Consumer should not switch mortgages without banking fees

Consumers are being warned that they should avoid switching their mortgage loans without first checking the fees that they will be charged for the privilege.

According to one recent report around thirty thousand homeowners a month have to decide whether to move on to their lender’s standard variable rate when their existing mortgage deal comes to an end, and many lenders are now offering very low rates on their SVRs due to the base interest rate still being at a record low of just 0.5 percent.

In order to compete with rival lenders many lenders are also said to be offering low interest rate deals on a variety of other mortgages such as tracker deals and discount mortgages. In the current climate it is all too easy for borrowers to see a tempting headline rate from a lender and rush into taking out the deal.

However, industry experts have warned that consumers should avoid rushing into switching to another mortgage deal without first checking what sorts of fees they will have to pay.

Consumers should avoid only taking the headline rate into consideration, as otherwise they could still end up paying over the odds as a result of the fees and charges that may then be added to the loan.

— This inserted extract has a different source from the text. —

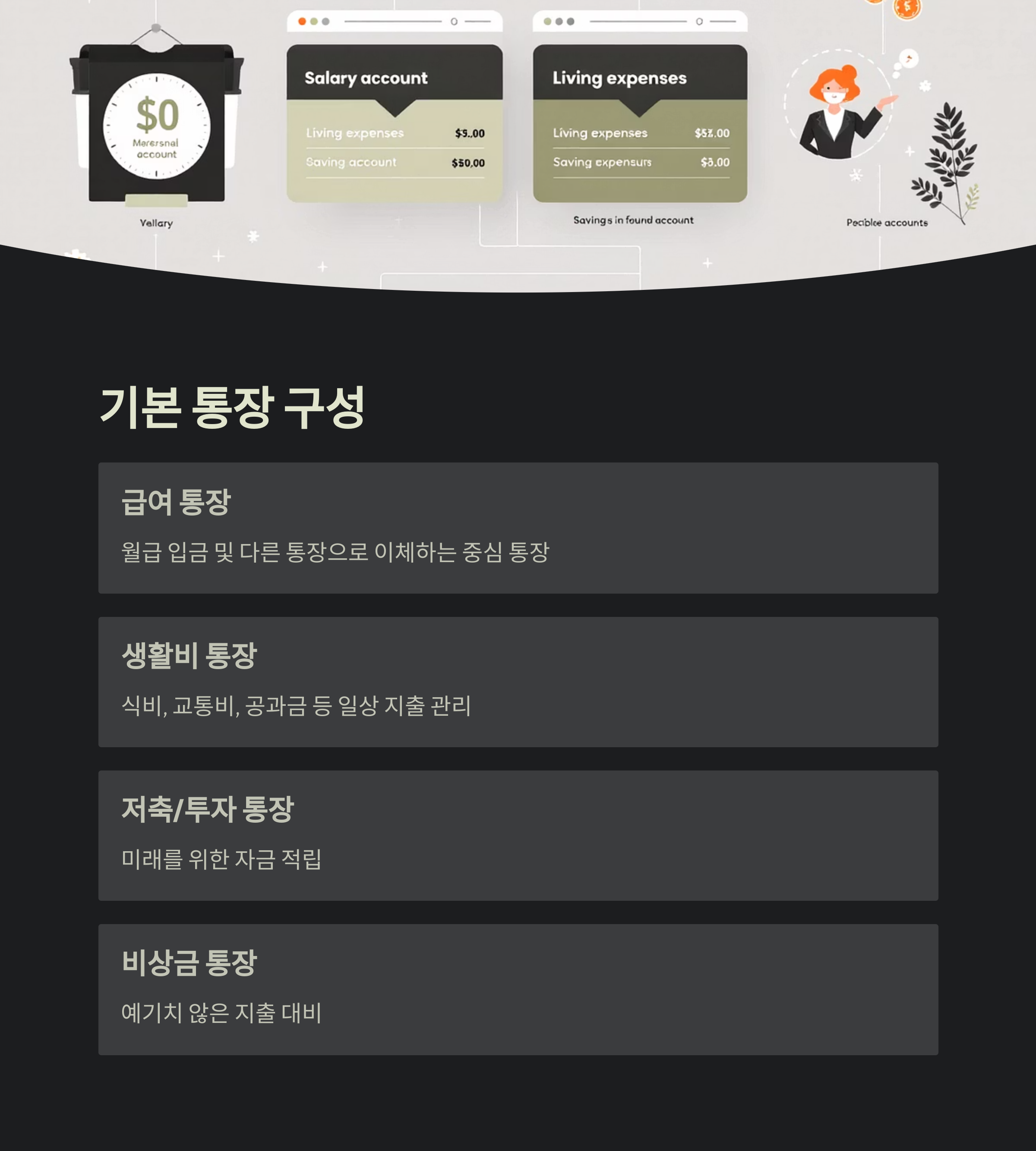 - 비상금 통장: 예기치 않은 지출에 대비한 자금을 보관하는 통장입니다. 의료비, 경조사비 등이 해당됩니다.

When considering any mortgage deal consumers should check exactly what charges are going to be applied to the loan so that they are not then suddenly hit with hidden fees and charges that will then bump up their borrowing.

By doing this some may find that a mortgage with a lower headline rate may actually work out more expensive than a mortgage with another lender with a slightly higher headline rate.

This is simply due to the charges that may be applied, which will make a seemingly good deal more expensive than an average looking mortgage deal.